The nation’s overall economic growth slowed to an annual pace of just 2.5 percent in the second quarter of this year, less than half the torrid pace of the first quarter. Job creation has been low for the last four months, and the unemployment rate edged up to 4.8 percent in July from 4.6 percent in June.

 

But other experts are skeptical, saying the Fed may be forced by inflation data to begin raising rates again soon. In practice, the Fed has effectively engineered only one other “soft landing” in history — in 1994 and 1995, under Mr. Greenspan.

 

Conditions then were in many ways more benign than they are today, however. Inflation was heading down, not up; the federal budget was moving toward lower rather than higher deficits; energy prices were erratic, but far lower than they are today.

 

“The current situation looks a lot more like the 1970’s than the 1990’s,” said Allen Sinai, chief economist at Decision Economics. “We are seeing the leading edge, though not necessarily the ultimate outcome, of what in the old days used to be called the wage-price inflation spiral.”

 

Mr. Bernanke, both before and after he became Fed chairman, has said that his definition of price stability is a “core” inflation rate — excluding prices for energy and food — of 1 to 2 percent. But by the Fed’s preferred measure of core inflation prices are about 2.9 percent higher than one year ago. That is the biggest year-over-year jump in 11 years.
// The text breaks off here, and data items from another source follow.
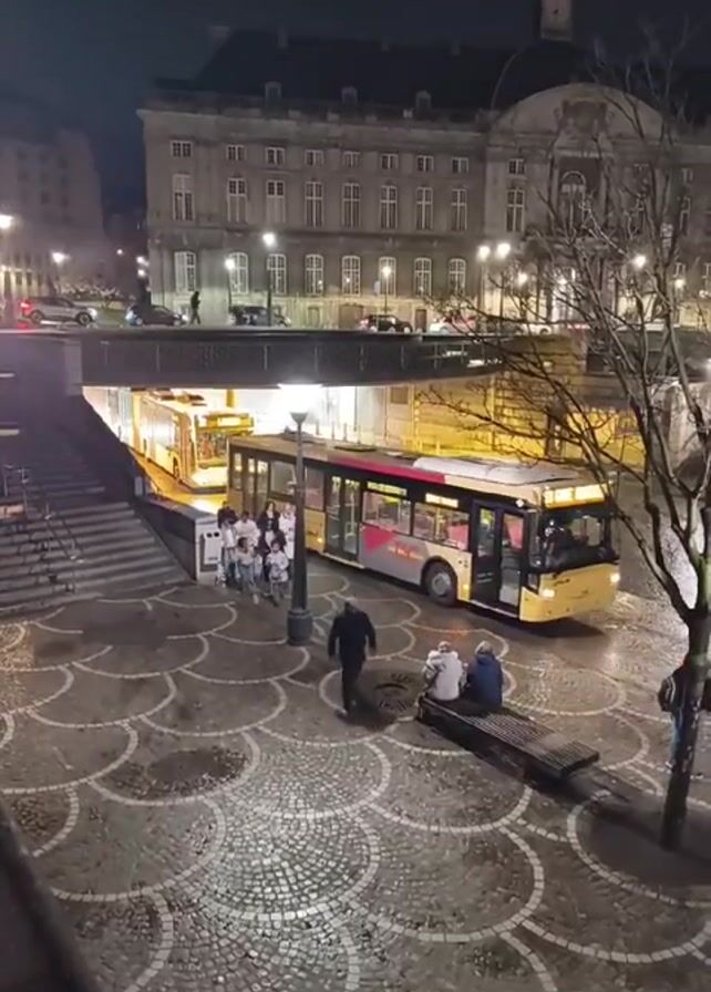 At night, a yellow bus pulls up at an underground bus stop near a city square. Pedestrians board the bus while other people sit on a nearby bench. The cobblestone square is decorated with a swirling pattern. A grand building stands in the background, illuminated by streetlights. Trees are bare. A person walks through the square.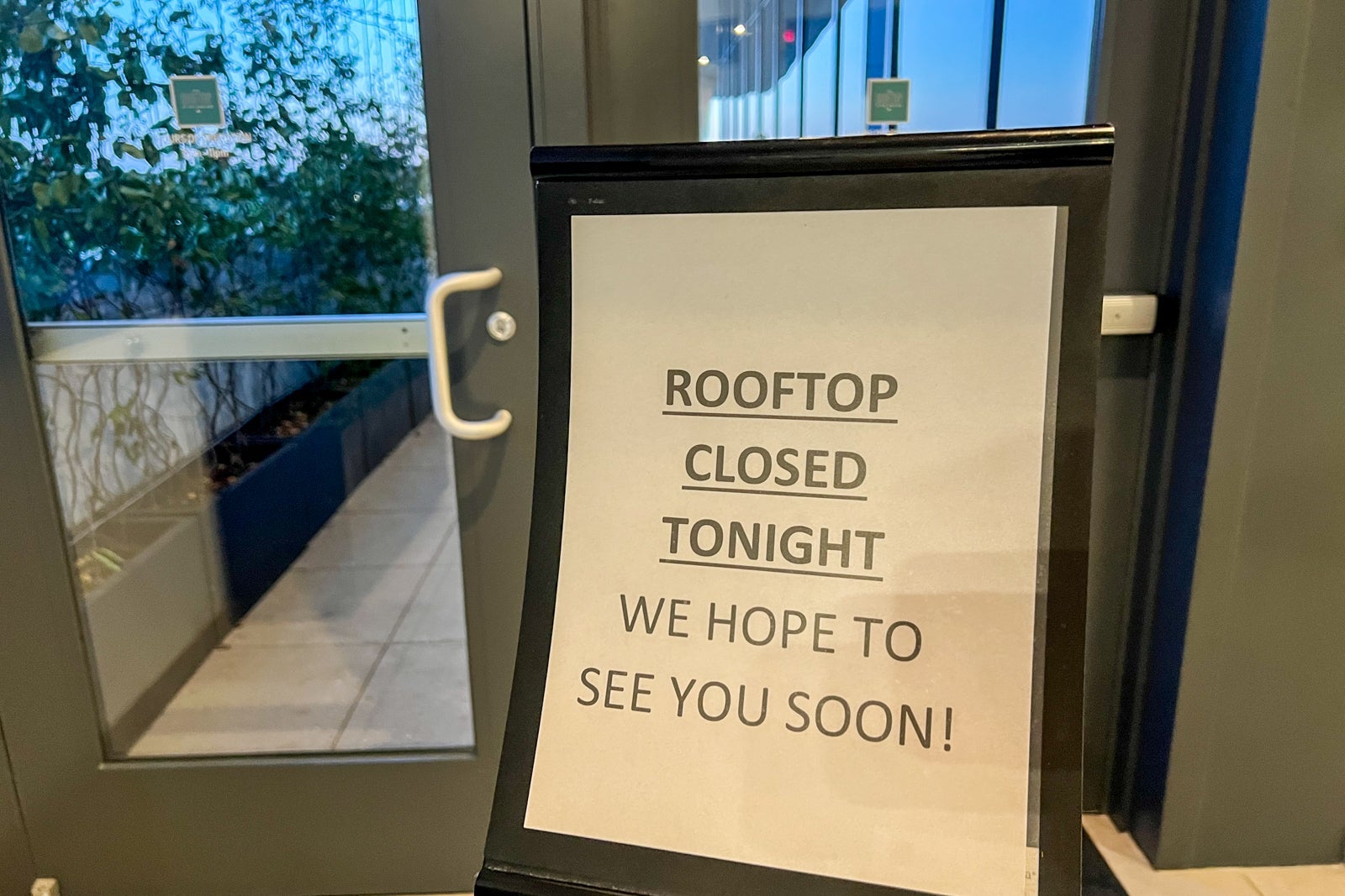 However, I was able to grab a drink from the downstairs bar and bring it upstairs. The hotel staff said that, despite a sign saying it was closed, anybody could still sit outside on the deck.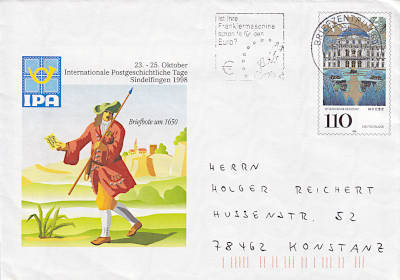 Heftchenblatteinzelfrankatur: Postsend-ung frankiert mit einem einzigen Heftchen-blatt |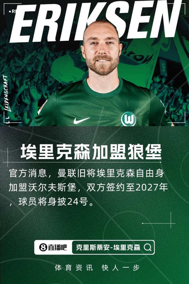 09月11日讯 官方讯息,曼联旧将埃里克森目田身加盟沃尔夫斯堡,两边签约至2027年,球员将身披24号。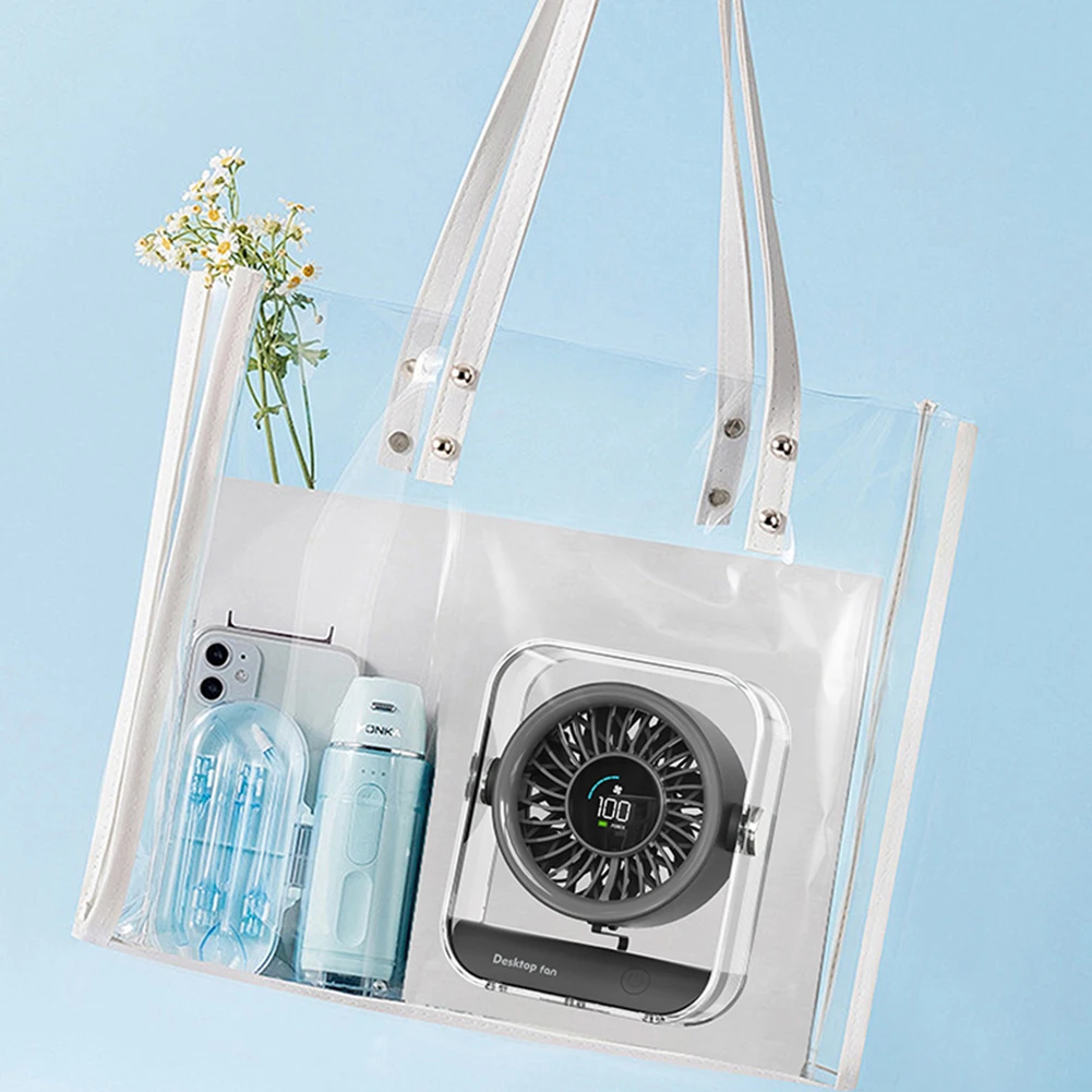 Feature: 1.LED Display Screen: Equipped with an intelligent LED display, this Portable Table Desktop Air Circulator Fan shows wind speed and battery level, allowing users to easily understand the fan's current working status. 2.Multiple Wind Speed Settings: Offers multiple wind speed settings, allowing users to choose the appropriate speed based on their needs, meeting different environmental and personal comfort demands. 3.Low Noise Design: With a new generation brushless motor controlling pressure and steady current, it provides powerful airflow. The double-layer air guide grille design ensures finer and gentler wind cuts, achieving low noise performance. 4.Ultra Wide-Angle Airflow: Supports 30° rotation up and down, providing ultra-wide-angle airflow with a circular large fan surface air guide structure that delivers refreshing and strong wind. 5.Large Battery Capacity: Built-in 3000mAh rechargeable battery for longer-lasting endurance, offering extended use for devices like Personal Fan. Specification: Origin: Mainland China Material: ABS+PC+electronic components Style: USB plug-in/built-in battery charging optional Input voltage: 5V 2A Battery voltage: 4.2V Power: 4.5W Battery capacity: 3000mAh (18650 battery, only for built-in battery charging) Usage time: Charging time 2.5H, use time 3-7H (only for built-in battery charging) Dimensions: 167.1*139.6*79mm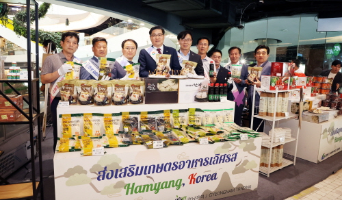 태국에 도착한 개척단은 11일부터 엠퀴티어 백화점에서 열린 판촉행사에 참여해 함양 농식품 가공품을 소개해 좋은 반응을 얻었다.

“Rather than taking pre-emptive measures against a very serious inflation threat, Bernanke and company have adopted a very dangerous reactionary approach,” said Richard Yamarone, chief economist at Argus Research. “They’re in a wait-and-see mode.”

 

Laurence H. Meyer, a former Fed governor and now an economic forecaster at Macroeconomic Advisers, predicted that it would take more than a soft landing to reduce inflation significantly. For that to happen, he said, unemployment would have to rise for a sustained period.

 

But Mr. Meyer speculated that Fed officials might not want to reduce inflation to Mr. Bernanke’s unofficial targets. He noted that the Fed’s latest economic outlook, based on forecasts from Fed district banks, called for core inflation to remain about 2 or 2.25 percent through 2007.

 

Even that goal could require a painful economic adjustment. “There’s too much inflation in the system,” said Mr. Harris of Lehman Brothers, who predicted that the Fed would be forced to raise rates again before the year is over. “At this stage, there has to be a bumpy landing.”